What is expected — The reply should hold every line of the listing exactly, and none of its images.

Supplied data —
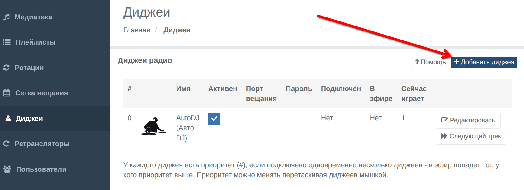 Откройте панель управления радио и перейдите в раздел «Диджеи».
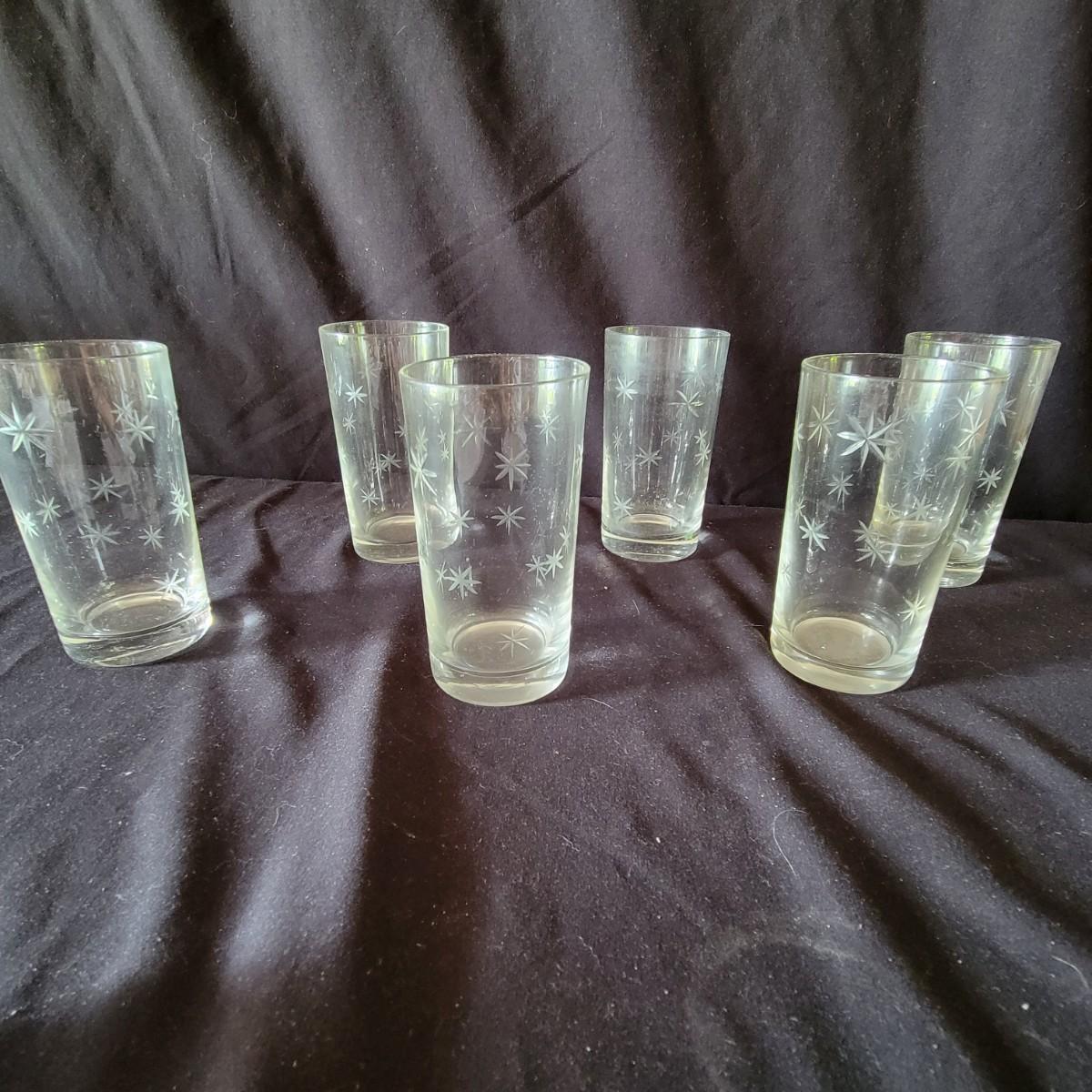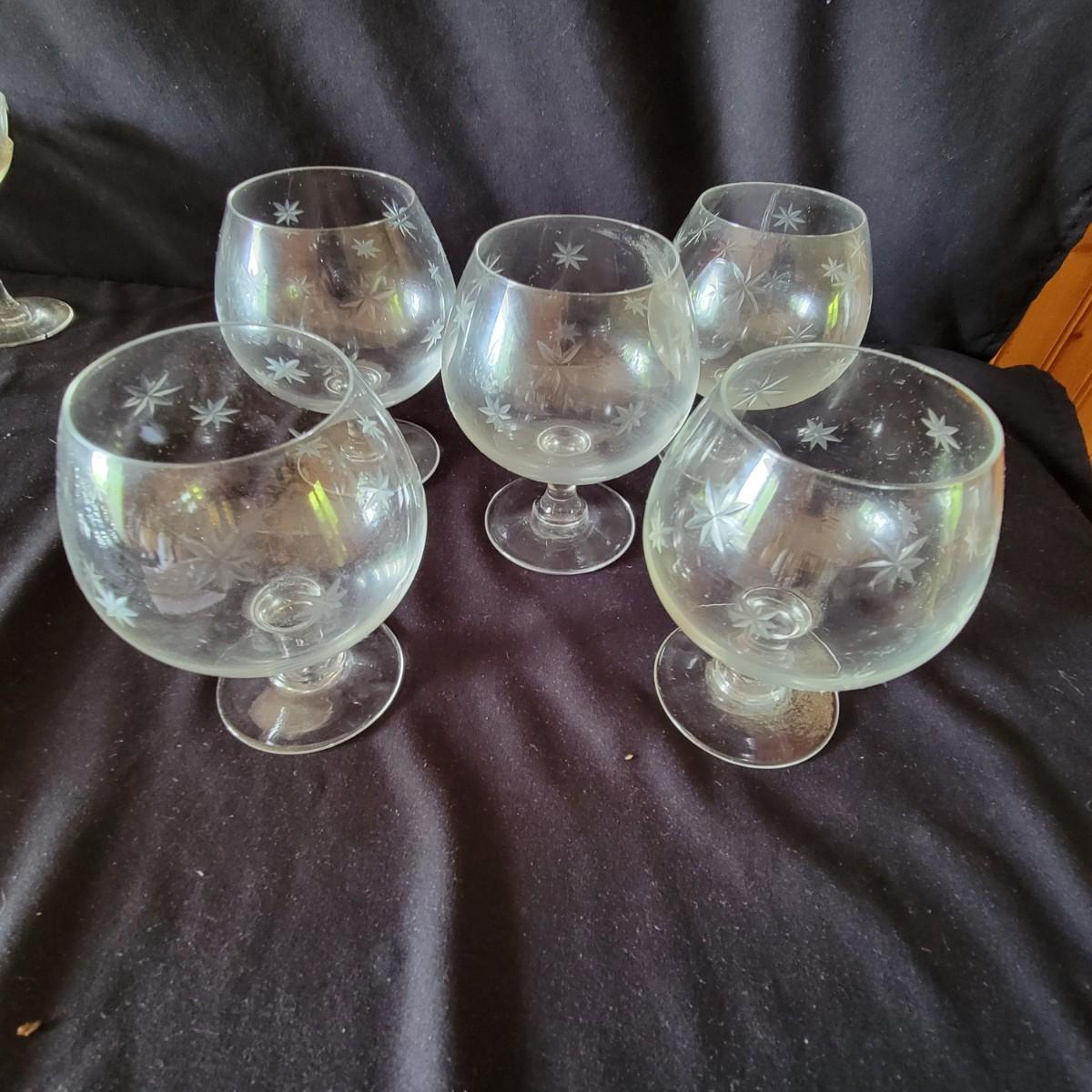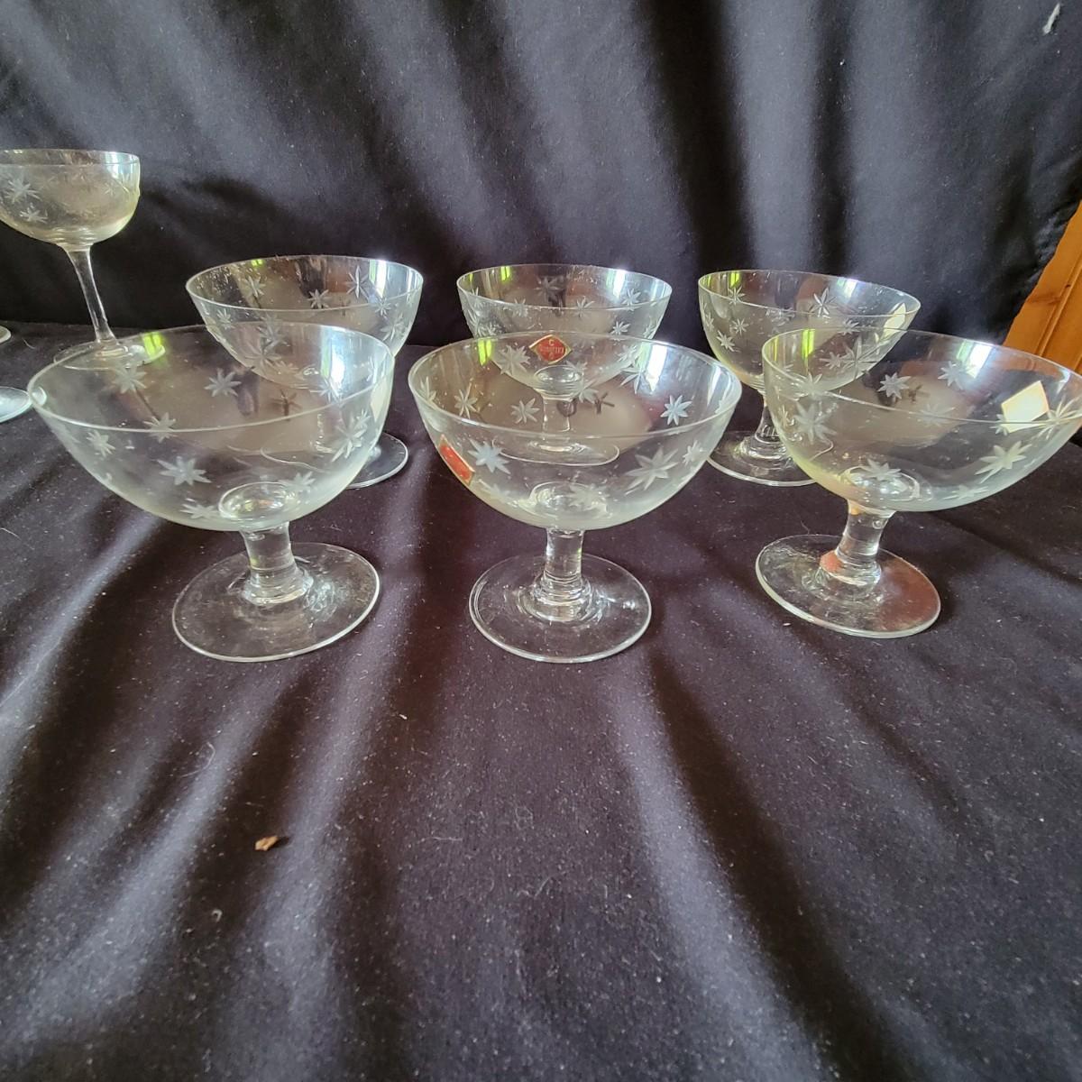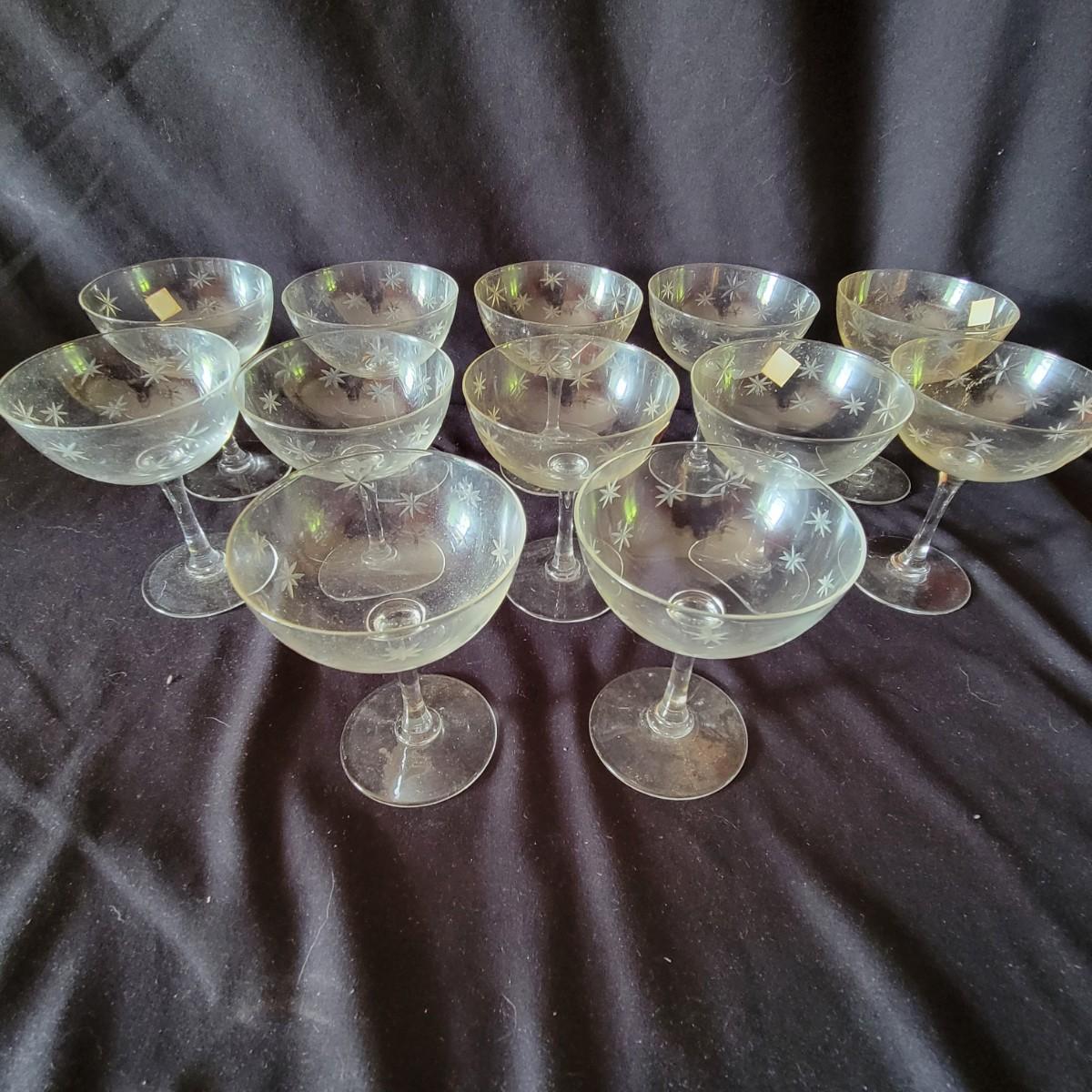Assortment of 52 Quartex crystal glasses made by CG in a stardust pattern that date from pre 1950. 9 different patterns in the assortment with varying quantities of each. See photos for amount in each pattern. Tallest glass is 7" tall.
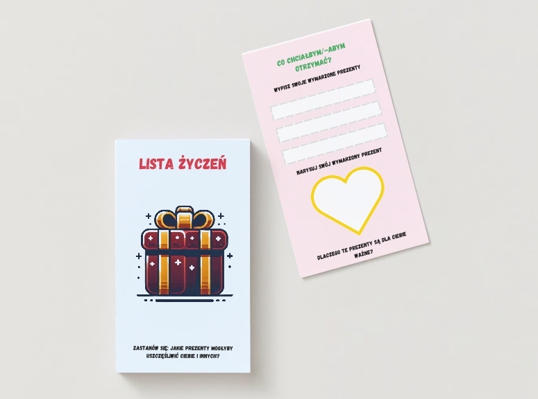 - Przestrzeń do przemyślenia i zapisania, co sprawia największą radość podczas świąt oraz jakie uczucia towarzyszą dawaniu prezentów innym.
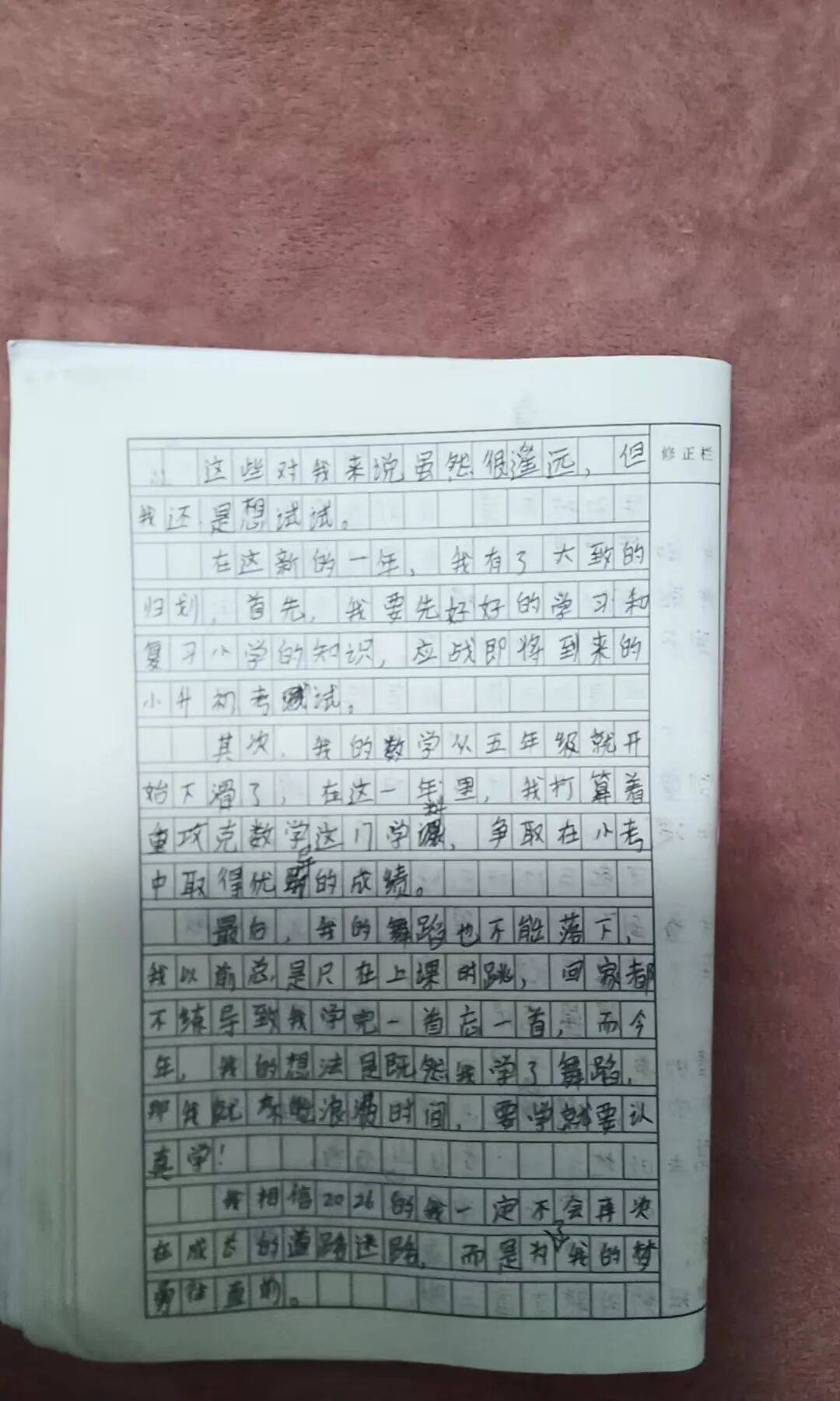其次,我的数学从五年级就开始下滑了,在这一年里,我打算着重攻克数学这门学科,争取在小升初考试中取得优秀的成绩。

Response to the exercise —
 Откройте панель управления радио и перейдите в раздел «Диджеи».
Assortment of 52 Quartex crystal glasses made by CG in a stardust pattern that date from pre 1950. 9 different patterns in the assortment with varying quantities of each. See photos for amount in each pattern. Tallest glass is 7" tall.
 - Przestrzeń do przemyślenia i zapisania, co sprawia największą radość podczas świąt oraz jakie uczucia towarzyszą dawaniu prezentów innym.
其次,我的数学从五年级就开始下滑了,在这一年里,我打算着重攻克数学这门学科,争取在小升初考试中取得优秀的成绩。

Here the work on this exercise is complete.